### Exercise
Could you repeat every entry below word for word, leaving out the pictures?

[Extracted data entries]
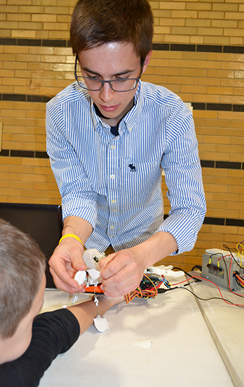 Another undergraduate student who participated was Patrick Slade, who demonstrated bionic prosthetics, including one he designed. He attached the prosthesis sensors to the arms of young volunteers so the youngster were able to control the prosthesis using the muscles in their forearms.
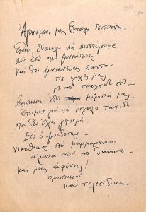 Επισκέφθηκα την έκθεση «Ο γαλαξίας μου: Μίκης Θεοδωράκης» τη συννεφιασμένη μέρα της κηδείας του συνθέτη. Καθώς περιδιάβαινα τις ενότητές της, ολομόναχος (λόγω της πρωινής ώρας μάλλον), σκέφτηκα στιγμιαία πως αυτός ο χώρος ενδείκνυται για ένα διαφορετικό «λαϊκό προσκύνημα» όχι ως αποχαιρετισμό, αλλά ως επιβεβαίωση της παρουσίας του Μίκη τώρα και για πάντα, εδώ και παντού. Πάνω ακριβώς σε αυτήν τη σκέψη, ο ίδιος ο Μίκης ήρθε κατά κάποιον τρόπο να συμφωνήσει μαζί μου, καθώς το μάτι μου έπεσε πάνω σε ένα χειρόγραφο σημείωμα μιας προθήκης: «Είναι δύσκολο να πιστέψουμε πως εσύ που ζωντάνευες και θα ζωντανεύεις τις ψυχές μας με τα τραγούδια σου βρίσκεσαι εδώ μπροστά μας έτοιμος για το μεγάλο ταξίδι…». Ήταν το προσχέδιο του συνθέτη για τον επικήδειο ενός άλλου μεγάλου «παρόντα», του Βασίλη Τσιτσάνη. Αυτό το «ζωντάνευες και θα ζωντανεύεις τις ψυχές μας» είναι ένα σπανιότατο προνόμιο και όποιος το διαθέτει είναι σχεδόν σαν να κατέχει το συνθηματικό για τη λέσχη της αθανασίας. Και ουδείς διαφωνεί πως ο Μίκης Θεοδωράκης είναι εκλεκτό μέλος αυτής της λέσχης.
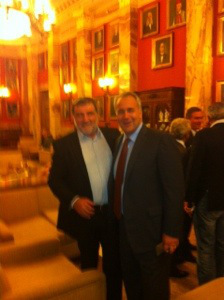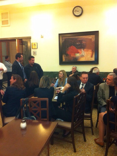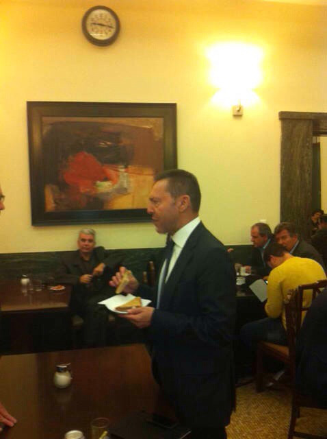 Με το τοστ στο χέρι ο υπουργός οικονομικών Γιάννης Στουρνάρας μόλις έχει ολοκληρώσει την ομιλία του στη βουλή και μαζί με στενούς του συνεργάτες κάθεται για λίγο στο εντευκτήριο της βουλής.
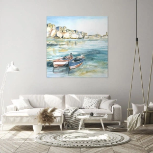 Målningen passar perfekt in i medelhavs-, minimalistiska och klassiska inredningar. Dess subtila pastellfärger ger lätthet och elegans till utrymmet, samtidigt som de skapar en atmosfär av vila och avkoppling. Det är den perfekta dekorationen för ett vardagsrum, sovrum eller lounge, så att du kan känna atmosfären vid havet.
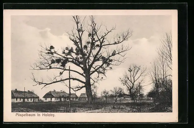 AK Holoby, Ortspartie mit Mispelbaum
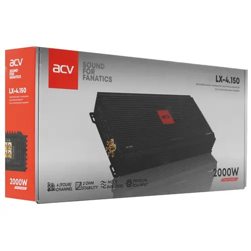 Усилитель ACV LX-4.150 помогает добиться более насыщенного, экспрессивного и реалистичного звучания в составе автомобильной акустической системы. Усилитель класса AB отличается поддержкой 4-х каналов звука с выходной мощностью по 150 Вт каждый. Питание усилителя осуществляется от аккумулятора с напряжением 12 В. К особенностям модели относится функция регулировки уровня баса. Технологии защиты от перегрузки и короткого замыкания повышают безопасность в эксплуатации, а также помогают снизить риск появления различных искажений звука в процессе воспроизведения.
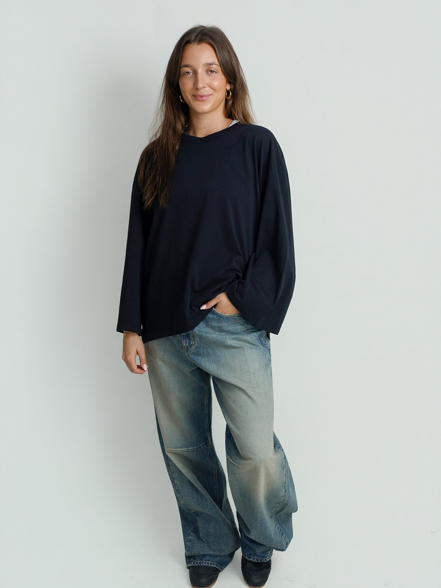Dit tijdloze T-shirt met lange mouwen in zwart is een energieke essential voor elke garderobe. De fijne stretchkwaliteit en de nauwsluitende pasvorm maken het een ideaal item om solo te dragen of als kleurrijk accent onder een oversized vest. Een moderne basic die moeiteloos comfort combineert met een krachtig statement.
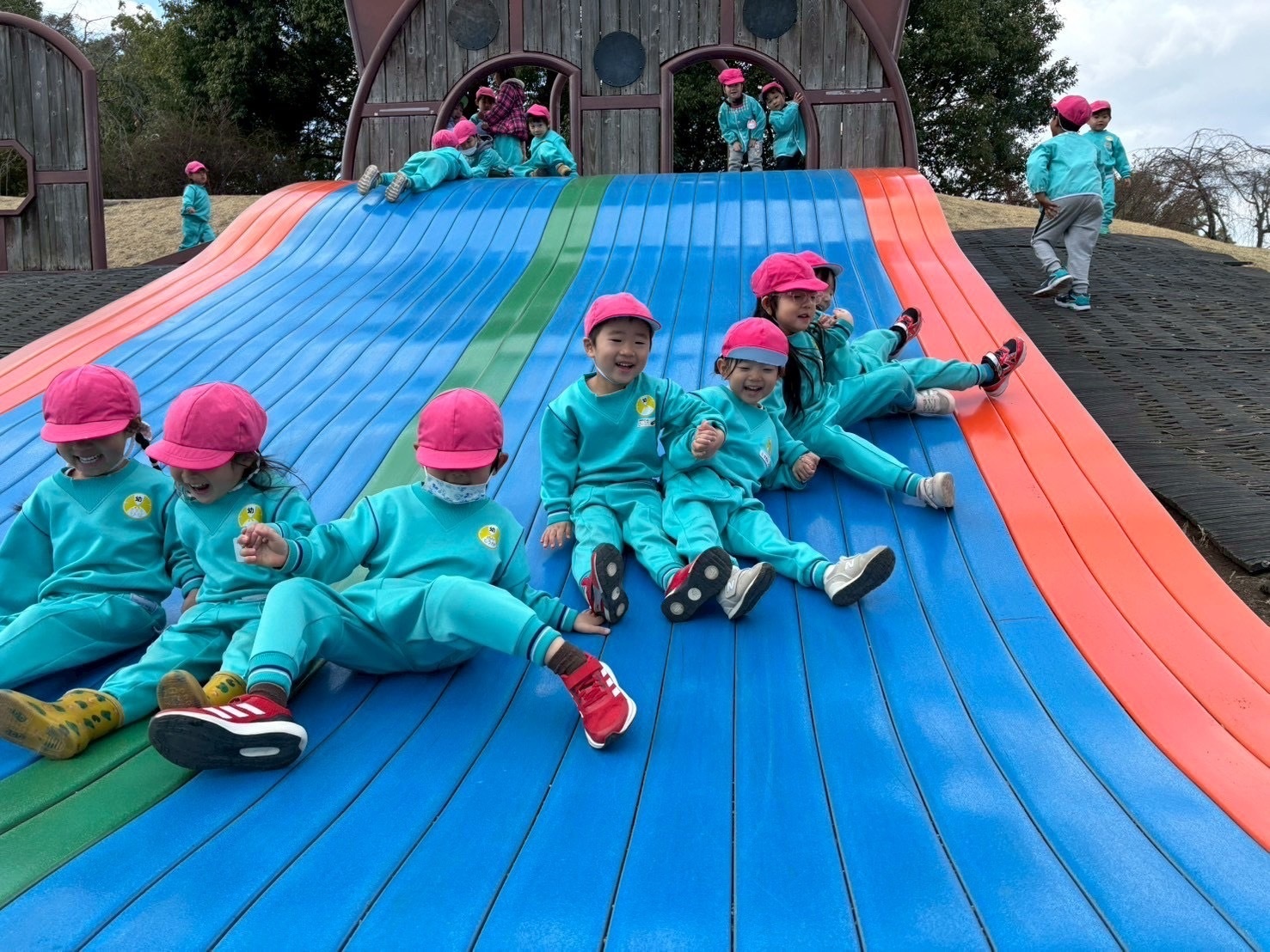 大きなバスに乗って大好きなお父さん、お母さんそして大好きなお友達と行く遠足はとっても楽しそうでみんなの笑顔がはじけていました♪
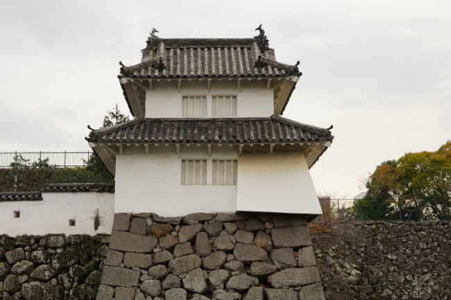 | 人質櫓 府内城は度重なる火災や地震、そして戦災により多くの建物が失われていますが、本丸跡北西隅にあるこの人質櫓は文久元(1861)年に再建された二重櫓で、宗門櫓とともに江戸時代に建てられたものです。 |
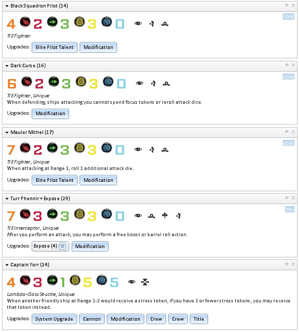 Oh – Squad listing courtesy of here and no copyright infringement to them, FFG, George Lucas, Righthaven or any other entity is intended.
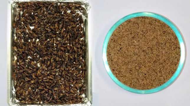 À direita, a farinha de grilo, desenvolvida em parceria com pesquisadores alemães; à esquerda, insetos em processo de secagem
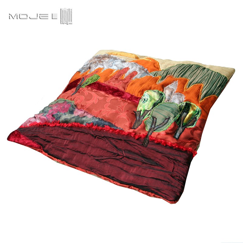 Poszewka dekoracyjna na poduszkę, wykonana z różnych materiałów techniką patchwork.
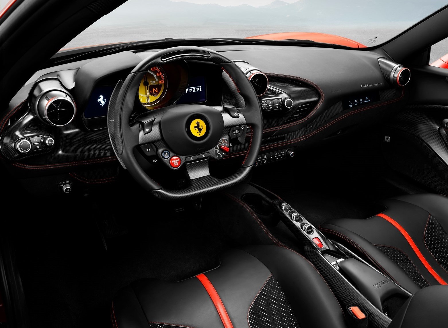 L’agencement intérieur sera familier à quiconque a été dans un 488 ou un prédécesseur de la voiture 458. Cependant, presque tous les éléments du tableau de bord, des panneaux de porte et de la console centrale sont nouveaux! de même que le système d’infodivertissement qui comprend un écran tactile de 7,0 pouces pour le passager. La conception de la ventilation est également nouvelle et le volant a été réduit.
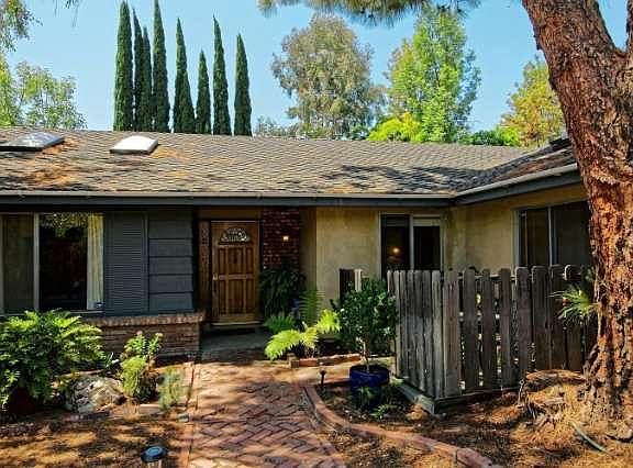 Enchanting ONE STORY family retreat in Agoura Hills adjacent to million plus homes & walking distance to Yerba Buena Elementary & Lindero Canyon Middle School. The open breezeway on this model has been enclosed as a 4th bedroom & adds additional sq. footage! Gorgeous VIEW of Lady Face Mountain compliment this very PRIVATE setting. Abundant w/nature, the sounds of birds singing, & a Zen-like garden off the master suite. Mature Pine & Birch Trees, gorgeous Ornamental Strawberry Tree in the front yard. A wonderful balance of both shade & sun. Peaceful & Tranquil. Children's playhouse in the backyard complete w/covered roof, sliding doors & bay windows! The inside of the home feels remarkably light, bright & has a very open & spacious feel. The living room is a wonderful space featuring high ceilings w/new skylights, & an amazingly cozy & dominant river rock fireplace. The kitchen boast oak cabinets, tile counters & separate island. Hard wood French Doors & windows invite the outside in & compliment this charming home. Smooth ceilings & new paint throughout, new laminate floors, some new landscaping, separate laundry. Close to shopping, restaurants, entertainment, parks & beaches. No hoa. Truly a very unique & private setting in an excellent location!
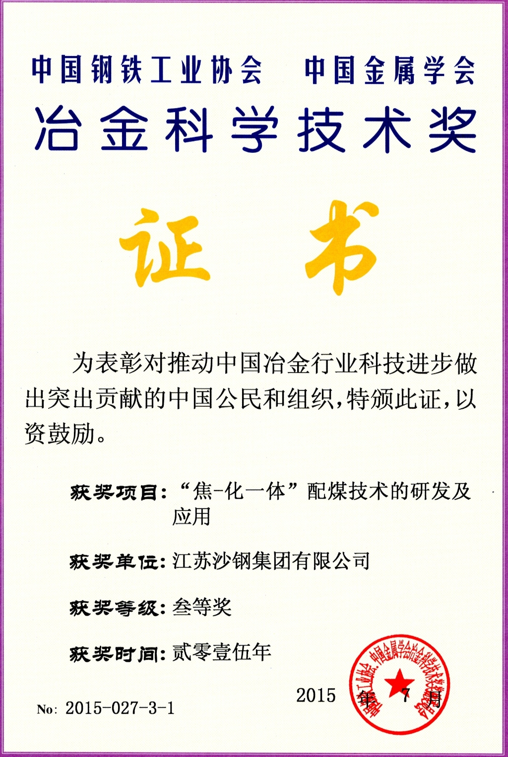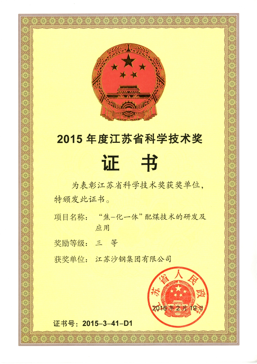 2015年度江苏省科学技术奖三等奖——焦化一体配煤技术的研发及应用
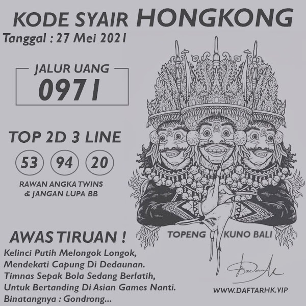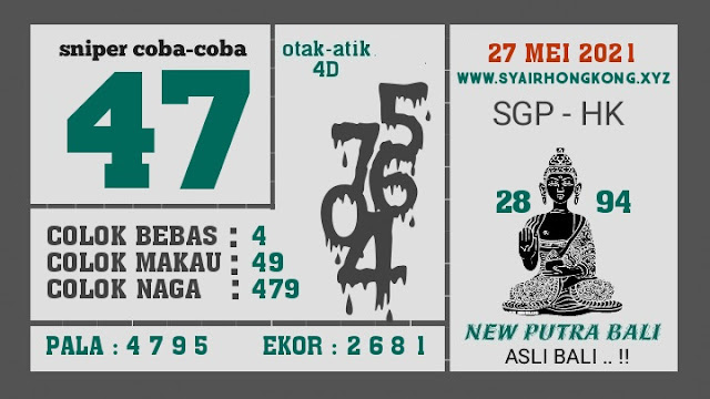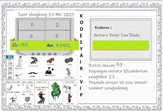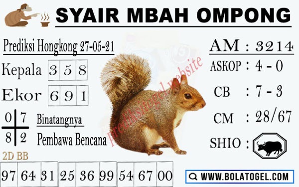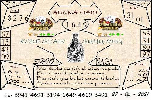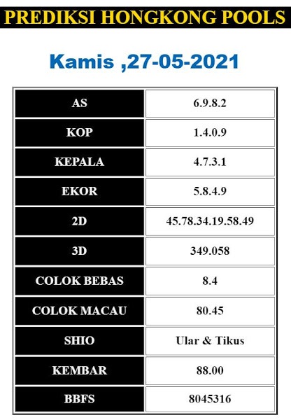 Permainan togel online ini sangatlah membutuhkan kesadaran diri di dalam membaca dan memprediksi suatu angka. Maka dari itu kunjungi selalu kode syair hk hari ini dimana dalam forum syairhk hari ini yang kami terbitkan ini akan jauh lebih memudahkan anda dalam menebak angka keluaran di periode selanjutnya. Kami juga sudah mempersiapkan Prediksi Syair Hongkong Akurat 27 Mei 2021 untuk anda member tercinta kami.

### Result for this exercise
 Another undergraduate student who participated was Patrick Slade, who demonstrated bionic prosthetics, including one he designed. He attached the prosthesis sensors to the arms of young volunteers so the youngster were able to control the prosthesis using the muscles in their forearms.
 Επισκέφθηκα την έκθεση «Ο γαλαξίας μου: Μίκης Θεοδωράκης» τη συννεφιασμένη μέρα της κηδείας του συνθέτη. Καθώς περιδιάβαινα τις ενότητές της, ολομόναχος (λόγω της πρωινής ώρας μάλλον), σκέφτηκα στιγμιαία πως αυτός ο χώρος ενδείκνυται για ένα διαφορετικό «λαϊκό προσκύνημα» όχι ως αποχαιρετισμό, αλλά ως επιβεβαίωση της παρουσίας του Μίκη τώρα και για πάντα, εδώ και παντού. Πάνω ακριβώς σε αυτήν τη σκέψη, ο ίδιος ο Μίκης ήρθε κατά κάποιον τρόπο να συμφωνήσει μαζί μου, καθώς το μάτι μου έπεσε πάνω σε ένα χειρόγραφο σημείωμα μιας προθήκης: «Είναι δύσκολο να πιστέψουμε πως εσύ που ζωντάνευες και θα ζωντανεύεις τις ψυχές μας με τα τραγούδια σου βρίσκεσαι εδώ μπροστά μας έτοιμος για το μεγάλο ταξίδι…». Ήταν το προσχέδιο του συνθέτη για τον επικήδειο ενός άλλου μεγάλου «παρόντα», του Βασίλη Τσιτσάνη. Αυτό το «ζωντάνευες και θα ζωντανεύεις τις ψυχές μας» είναι ένα σπανιότατο προνόμιο και όποιος το διαθέτει είναι σχεδόν σαν να κατέχει το συνθηματικό για τη λέσχη της αθανασίας. Και ουδείς διαφωνεί πως ο Μίκης Θεοδωράκης είναι εκλεκτό μέλος αυτής της λέσχης.
 Με το τοστ στο χέρι ο υπουργός οικονομικών Γιάννης Στουρνάρας μόλις έχει ολοκληρώσει την ομιλία του στη βουλή και μαζί με στενούς του συνεργάτες κάθεται για λίγο στο εντευκτήριο της βουλής.
 Målningen passar perfekt in i medelhavs-, minimalistiska och klassiska inredningar. Dess subtila pastellfärger ger lätthet och elegans till utrymmet, samtidigt som de skapar en atmosfär av vila och avkoppling. Det är den perfekta dekorationen för ett vardagsrum, sovrum eller lounge, så att du kan känna atmosfären vid havet.
 AK Holoby, Ortspartie mit Mispelbaum
 Усилитель ACV LX-4.150 помогает добиться более насыщенного, экспрессивного и реалистичного звучания в составе автомобильной акустической системы. Усилитель класса AB отличается поддержкой 4-х каналов звука с выходной мощностью по 150 Вт каждый. Питание усилителя осуществляется от аккумулятора с напряжением 12 В. К особенностям модели относится функция регулировки уровня баса. Технологии защиты от перегрузки и короткого замыкания повышают безопасность в эксплуатации, а также помогают снизить риск появления различных искажений звука в процессе воспроизведения.
Dit tijdloze T-shirt met lange mouwen in zwart is een energieke essential voor elke garderobe. De fijne stretchkwaliteit en de nauwsluitende pasvorm maken het een ideaal item om solo te dragen of als kleurrijk accent onder een oversized vest. Een moderne basic die moeiteloos comfort combineert met een krachtig statement.
 大きなバスに乗って大好きなお父さん、お母さんそして大好きなお友達と行く遠足はとっても楽しそうでみんなの笑顔がはじけていました♪
 | 人質櫓 府内城は度重なる火災や地震、そして戦災により多くの建物が失われていますが、本丸跡北西隅にあるこの人質櫓は文久元(1861)年に再建された二重櫓で、宗門櫓とともに江戸時代に建てられたものです。 |
 Oh – Squad listing courtesy of here and no copyright infringement to them, FFG, George Lucas, Righthaven or any other entity is intended.
 À direita, a farinha de grilo, desenvolvida em parceria com pesquisadores alemães; à esquerda, insetos em processo de secagem
 Poszewka dekoracyjna na poduszkę, wykonana z różnych materiałów techniką patchwork.
 L’agencement intérieur sera familier à quiconque a été dans un 488 ou un prédécesseur de la voiture 458. Cependant, presque tous les éléments du tableau de bord, des panneaux de porte et de la console centrale sont nouveaux! de même que le système d’infodivertissement qui comprend un écran tactile de 7,0 pouces pour le passager. La conception de la ventilation est également nouvelle et le volant a été réduit.
 Enchanting ONE STORY family retreat in Agoura Hills adjacent to million plus homes & walking distance to Yerba Buena Elementary & Lindero Canyon Middle School. The open breezeway on this model has been enclosed as a 4th bedroom & adds additional sq. footage! Gorgeous VIEW of Lady Face Mountain compliment this very PRIVATE setting. Abundant w/nature, the sounds of birds singing, & a Zen-like garden off the master suite. Mature Pine & Birch Trees, gorgeous Ornamental Strawberry Tree in the front yard. A wonderful balance of both shade & sun. Peaceful & Tranquil. Children's playhouse in the backyard complete w/covered roof, sliding doors & bay windows! The inside of the home feels remarkably light, bright & has a very open & spacious feel. The living room is a wonderful space featuring high ceilings w/new skylights, & an amazingly cozy & dominant river rock fireplace. The kitchen boast oak cabinets, tile counters & separate island. Hard wood French Doors & windows invite the outside in & compliment this charming home. Smooth ceilings & new paint throughout, new laminate floors, some new landscaping, separate laundry. Close to shopping, restaurants, entertainment, parks & beaches. No hoa. Truly a very unique & private setting in an excellent location!
 2015年度江苏省科学技术奖三等奖——焦化一体配煤技术的研发及应用
 Permainan togel online ini sangatlah membutuhkan kesadaran diri di dalam membaca dan memprediksi suatu angka. Maka dari itu kunjungi selalu kode syair hk hari ini dimana dalam forum syairhk hari ini yang kami terbitkan ini akan jauh lebih memudahkan anda dalam menebak angka keluaran di periode selanjutnya. Kami juga sudah mempersiapkan Prediksi Syair Hongkong Akurat 27 Mei 2021 untuk anda member tercinta kami.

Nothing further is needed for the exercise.